Quantification of mismatch error in randomly switching linear state-space models
Parisa Karimi, Zhizhen Zhao, Mark Butala, and Farzad Kamalabadi

TL;DR
This paper quantifies the expected estimation error reduction of Switching Kalman Filters over mismatched single mode filters in linear dynamic systems, providing mathematical derivations and simulation validation.
Contribution
It introduces a method to analytically quantify the average error difference between SKF and mismatched KF in known systems, aiding filter selection.
Findings
Mathematical expressions for estimator error moments are derived.
Simulations confirm the accuracy of the theoretical error quantifications.
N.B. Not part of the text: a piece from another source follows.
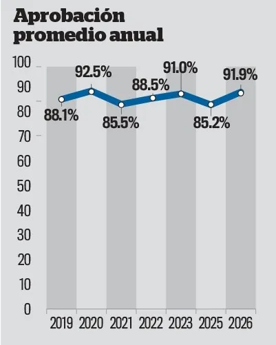 La serie histórica de la encuesta muestra que el nivel de aprobación actual se encuentra entre los más altos registrados desde el inicio del mandato. Según LPG Datos, el punto máximo se alcanzó en 2020, durante la pandemia de Covid-19, cuando el promedio anual fue de 92.5 %.

The approach helps optimize filter choice balancing accuracy and computational cost.
Abstract
Switching Kalman Filters (SKF) are well known for their ability to solve the piecewise linear dynamic system estimation problem using the standard Kalman Filter (KF). Practical SKFs are heuristic, approximate filters that are not guaranteed to have optimal performance and require more computational resources than a single mode KF. On the other hand, applying a single mode mismatched KF to a switching linear dynamic system (SLDS) results in erroneous estimation. This paper aims to quantify the average error an SKF can eliminate compared to a mismatched, single mode KF in a known SLDS before collecting measurements. Mathematical derivations for the first and second moments of the estimators errors are provided and compared. One can use these derivations to quantify the average performance of filters beforehand and decide which filter to run in operation to have the best performance in…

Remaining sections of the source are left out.